The wavelength of a particular color of green light is 504 nm.
The frequency of this color is ___sec-1.
c = freqency x wavelength
3E8 m/s = freqency x 504E-9 m
am confused
An explanation like that doesn't help. Confused about what?
c = speed of light = 3 x 10^8 meters/second
frequency is what you solve for. That's the unknown
wavelength = 504 nm = 504 x 10^-9 meters
To find the frequency of green light with a wavelength of 504 nm, you can use the equation:
c = λν
where:
c = the speed of light in a vacuum (approximately 2.998 × 10^8 meters per second)
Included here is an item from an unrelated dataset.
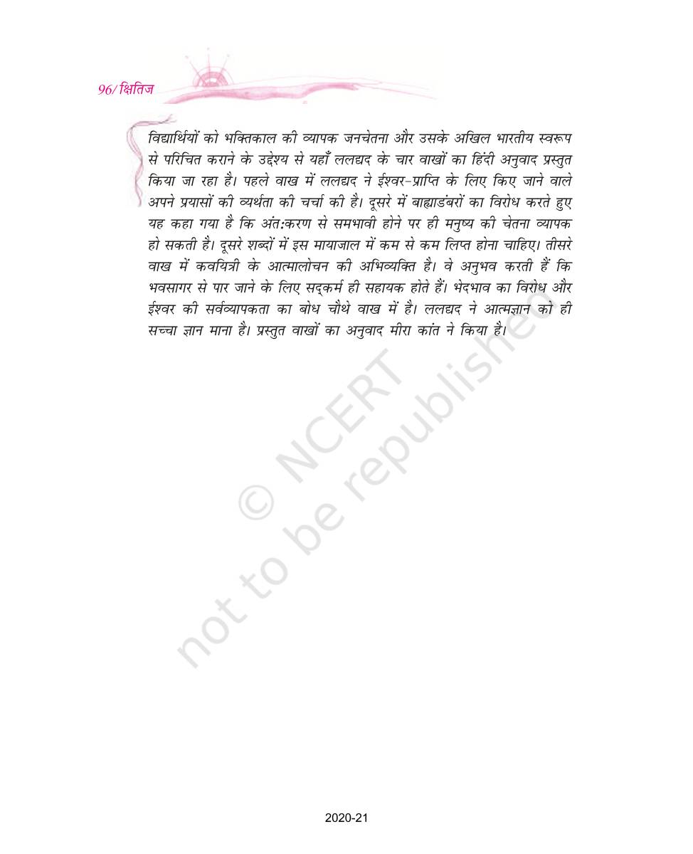 BeTrained.in has brought the NCERT books for class 9 Hindi Kshitij Part 1 where you can find every topic explained in a detailed way. These books are recommended by CBSE and some other state boards. Most of the teachers also use these books for teaching in schools. It is also used as a reference to prepare the questions for mid-term and final exams. The topics are explained in a very easy language along with examples and diagrams. Also, ideal for comprehensive and thorough learning to develop a clear concept. The chapters in the books have illustrative examples and practice problems for getting a hold of any kind of concept.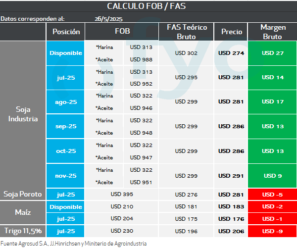 En el caso de la posición fábrica se parte de los precios FOB de los subproductos, luego se les aplica al valor del aceite, el porcentaje de rendimiento del poroto de soja para la extracción del mismo, y lo mismo en harina. Se suman estos valores, y se descuenta el costo de molienda estimado. El resultante es la capacidad teórica de la fábrica.

λ = the wavelength of the light in meters
ν = the frequency of the light in hertz (sec^-1)
First, convert the wavelength from nanometers to meters by dividing it by 10^9:
λ = 504 nm / 10^9 = 5.04 × 10^-7 meters
Next, insert the known values into the equation:
2.998 × 10^8 m/s = (5.04 × 10^-7 m) × ν
To find ν, divide both sides of the equation by (5.04 × 10^-7 m):
ν = (2.998 × 10^8 m/s) / (5.04 × 10^-7 m)
Calculating this gives us the frequency of the green light:
ν ≈ 5.95 × 10^14 sec^-1
Therefore, the frequency of the green light is approximately 5.95 × 10^14 sec^-1.